8 Nisan 2012 Pazar

Röportaj: My Brightest Diamond

O müthiş kadın

Geçtiğimiz Cuma, Shara Worden, nam-ı diğer My Brightest Diamond'la bir aradaydık. Berrak sesi, tanımlaması zor müziğiyle gönüllerimizi çalan bu müthiş kadın, Salon konserine saatler kala, küçük adımlarıyla  kendisini beklediğimiz yere geldi. Rujunu tazeledi, ne kadar iyi ağırlandığını anlattı ve kocaman gülümsemesi eşliğinde sohbete başladık.

Büşra: Bu akşam konseriniz var, öncelikle beklentilerinizi sormak istiyorum. Nasıl bir performans olacak dersiniz?

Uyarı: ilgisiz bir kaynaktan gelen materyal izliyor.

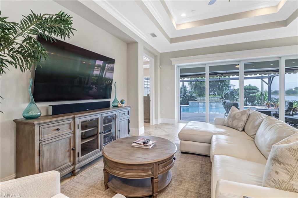 Spend the off-season at Isles of Collier in one of the best located homes with long peaceful water views & abundance of upgrades! This unique turnkey residence is your dream rental home. Well maintained and exquisite, it features 2 bedrooms, plus a den, & 2.5 baths in its professionally designed 2,225 sqft. & a plethora of upgrades & new appliances, including a new A/C unit, new lights, whole house generator, whole house water filter system, central vac, 500-gal LP gas tank, plantation shutters, & a new washer, dryer, refrigerator, oven, microwave, & induction stovetop. Youu2019ll love the expansive outdoor area, w/an outdoor kitchen (& an extra Weber grill), heated saltwater pool & an entrance fountain. The screened lanai has a new electric roll down so you can enjoy your westerly views without the sun in your eyes. When you are enjoying our gorgeous weather, you can also enjoy the 129 ft of water frontage that allows for gorgeous sunsets over the water. Enjoy the growing list of Isles of Collier Preserve amenities, including a beautiful clubhouse, a resort-style swimming pool, tennis & pickleball courts, state-of-the-art fitness equipment, dining, biking, hiking, and walking along the trails.
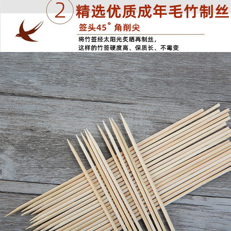 烧烤热狗竹签15cm*2.0mm鸡排鸡柳酱香饼烤肠臭豆腐水果一次性签子 - 锸荷阁商城的小店10
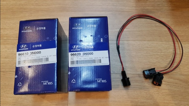 - 에쿠스 듀얼 혼 (걍 다이 전용으로 모비스 순정품과 전용 잭으로 구성된 제품으로 샀음)
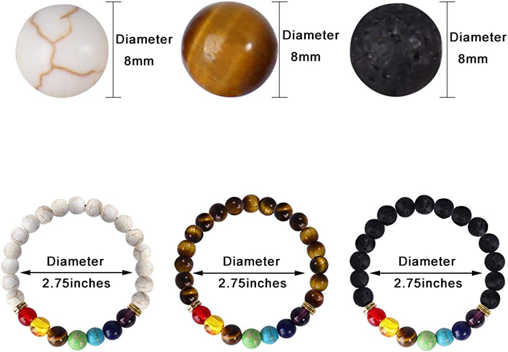 • SIZE - The diameter of each lava stone and chakra bead is 8mm/0.31 inch. The diameter of the elastic healing bracelets for women is 7cm / 2.75 inches. These elastic mens beaded bracelets is adjustable and fits most women and men.
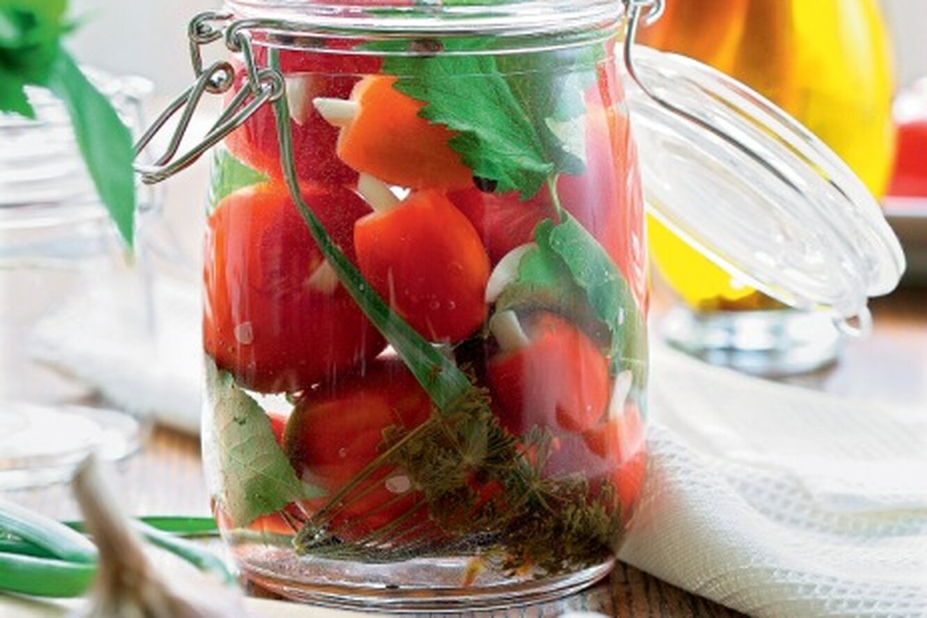 Засолка помидор с морковной ботвой на зиму

Shara: Türk şiirlerinin toplaması niteliğinde bir albüm yaptım. Şiirler İngilizceye çevrildi ve ben seslendirdim. Şarkılardan birini seslendirirken kafamın içinde ona uygun düşen bir müzik işittim ve ardından The Sea isimli parçayı yaptım. Arkadaşlarımdan Murat Eyüboğlu, her bir şiir için fotoğraf çekti ve Letters to Distant Cities isimli bir koleksiyonumuz olmuş oldu. Bu akşam da şiirleri okuyacağız; Murat Türkçe okuyacak, ben İngilizce ve fotoğrafları göstereceğiz. Geceyi böyle açmayı düşünüyoruz, sonrasında da normal My Brightest Diamond performansını gerçekleştiriyor olacağım. Açıkçası bu akşamla alakalı olarak çok heyecanlıyız çünkü bu yıllardır üstünde çalıştığımız bir proje ve sonunda İstanbul'a gelip şiirleri burada sunabilmek bizim için çok çok önemli.

Aybike: Bu projeye başlarkenki motivasyonunuz neydi peki?

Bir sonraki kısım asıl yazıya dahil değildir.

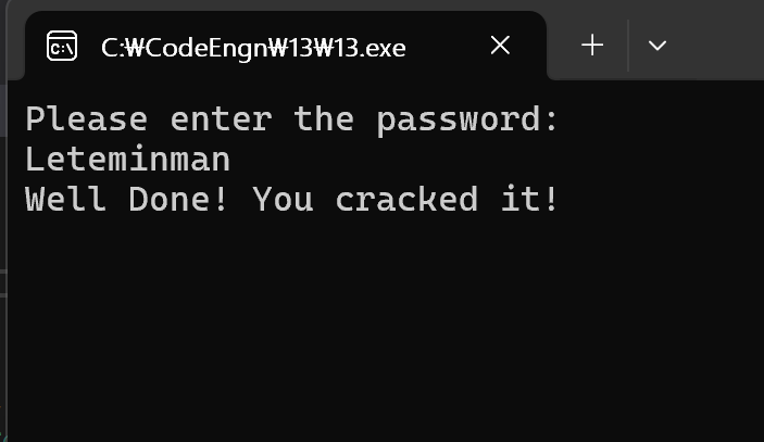 이를 입력하면 "Well Done!"이 출력됨을 확인할 수 있다.

Shara: Açıkçası başlarken nereye varacağını bilmiyorduk. Fotoğraf, müzik ve şiiri bir araya getiren bir şey çünkü bu. Herhangi bir kategoriye girmiyor, daha çok birbirini seven sanatçıların birlikte yaptığı bir şey oldu.

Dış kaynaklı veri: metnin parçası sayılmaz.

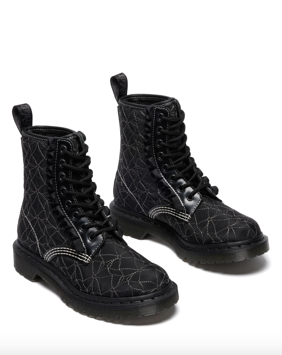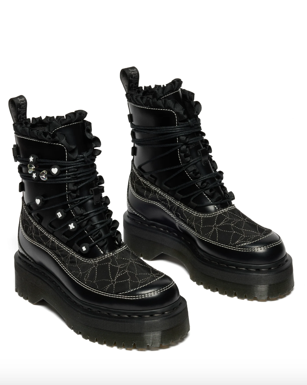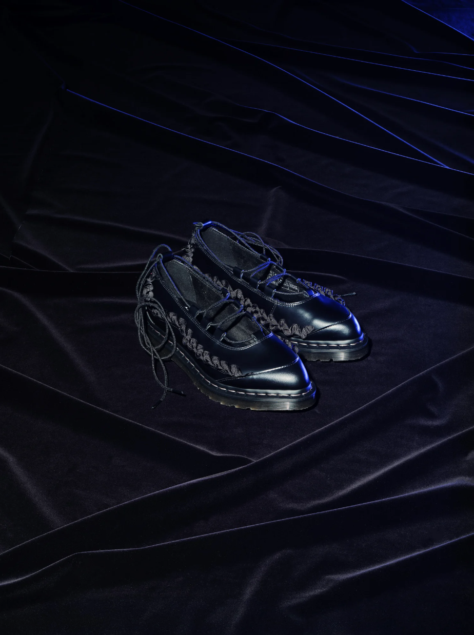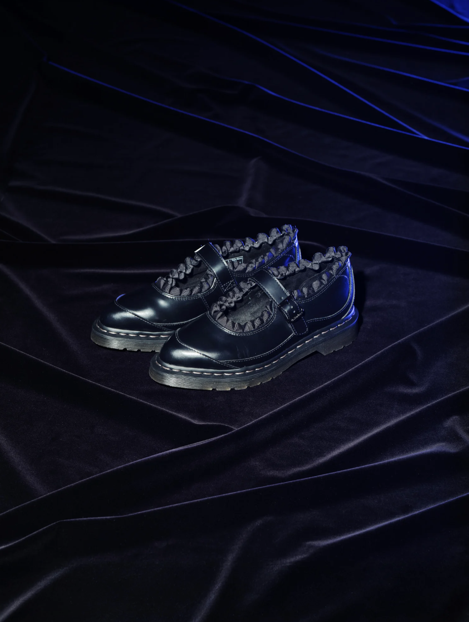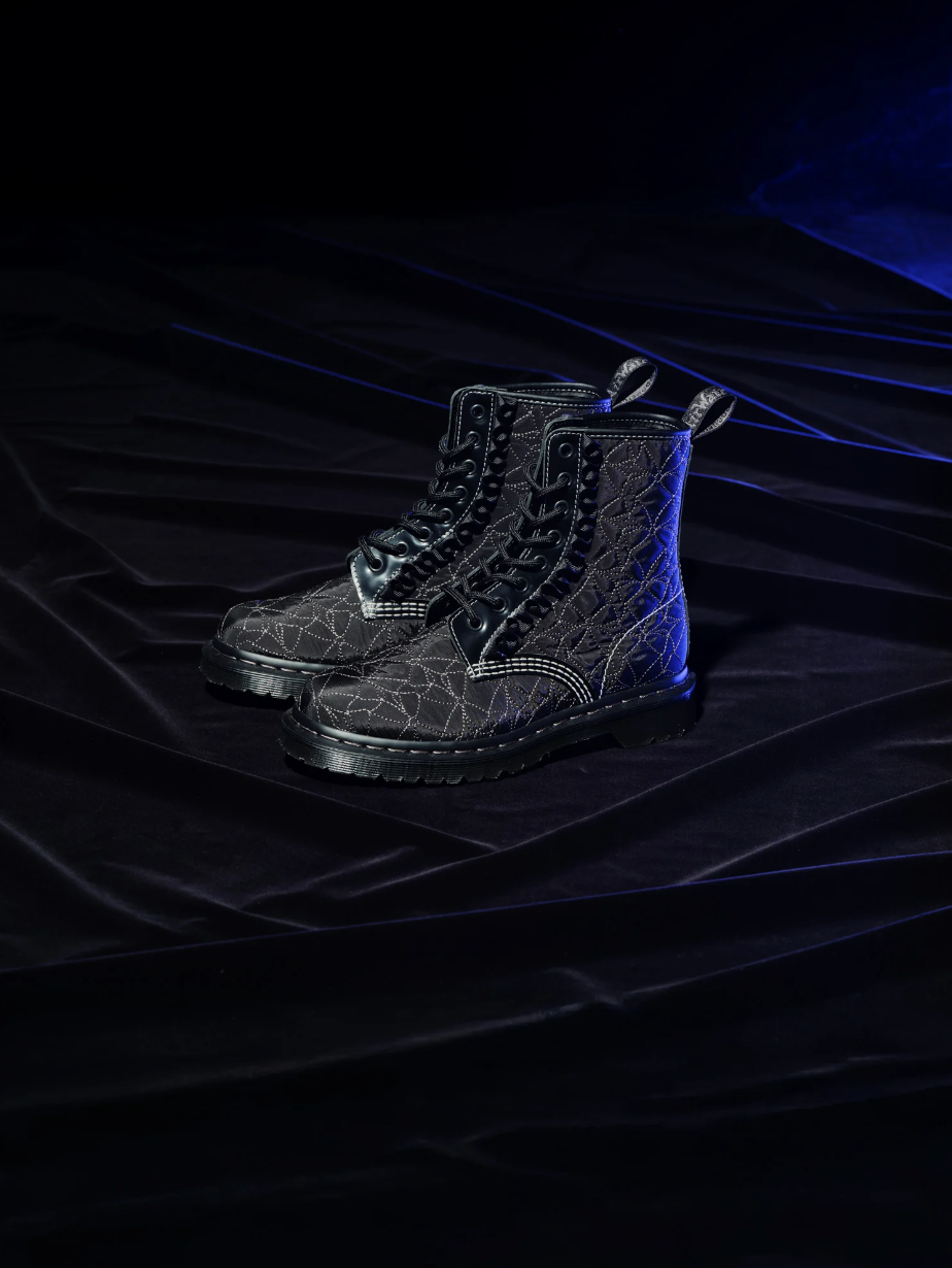 Dr. Martens 全新推出了万圣节胶囊系列「THE FRILL」。该系列采用抛光光滑皮革制成,并引入了绗缝工艺,在鞋领和侧面绣有丝带图案和褶边设计,营造出少女与暗黑气质并存的哥特式外观。
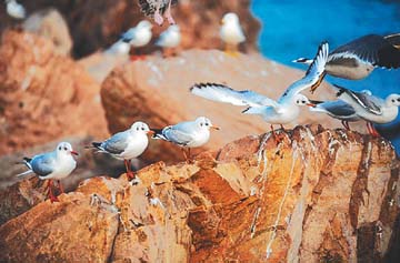 ???  QINGDAO has become home to 100,000 seagulls of 15 varieties. There were only two varieties 18 years ago. ????There are four places in the city with heavy seagull population: the coastal areas in Zhanqiao, Badaguan, the west side of Aomen Road and the Olympic Sailing Center. ????Residents, especially women and children, congregate at Zhanqiao to feed the seagulls.  ????In Badaguan, seagulls rest on the reefs after searching for food in the sea, making the area popular with bird watchers. ????Seagulls fly over the sailing boats at the Olympic Sailing Center, triggering cheers from visitors.  ????A photographer named Liu gets up early each morning to take pictures of the birds on the west side of Aomen Road. ????In 1994, Qingdao became China’s first city to put forages into the sea to attract more seagulls. ????(Li Hao, Zhang Yixin) |
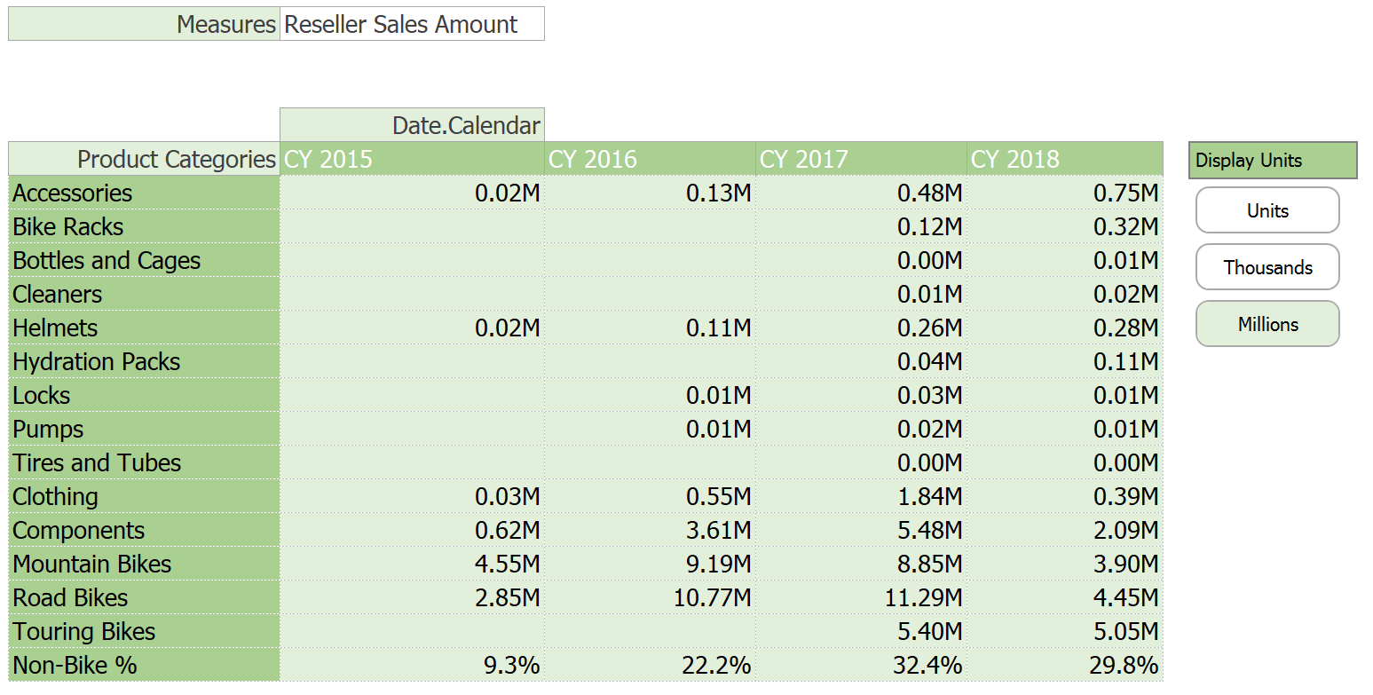 With the format sheet as shown above, based on the user’s slicer selection, all members will then be displayed with the predefined Millions format as ‘*’ is a wildcard and will match on all the members in the Product Categories hierarchy.
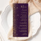 Le bord gauche de cet élégant menu mariage moderne présente un style de parties scintillant en faux or. Le texte personnalisable combine écriture manuscrite dorée, cuivre et polices italiques sur un arrière - plan violet foncé. L'envers présente une parties scintillant violet et dorée assortie.

Aybike: Müziğinizle alakalı olarak yazılanları okuduğumda sizin için Jeff Buckley'nin kadın versiyonu dendiğini gördüm.

Shara: Bence.. (duraksıyor) bu çok büyük bir onur. (Kocaman bir kahkaha) Başka ne söyleyebilirim ki? Çok büyük bir onur benim için.

Büşra: Bu da yine dinleyicilerinizin yorumlarıyla alakalı olacak ama sizden ilham perileri olarak bahseden pek çok dinleyiciniz var. Pek çok insan kendilerine ilham verdiğinizi söylüyor. Şarkılarınızın hangi özelliği insanları bunu söylemeye itiyor dersiniz?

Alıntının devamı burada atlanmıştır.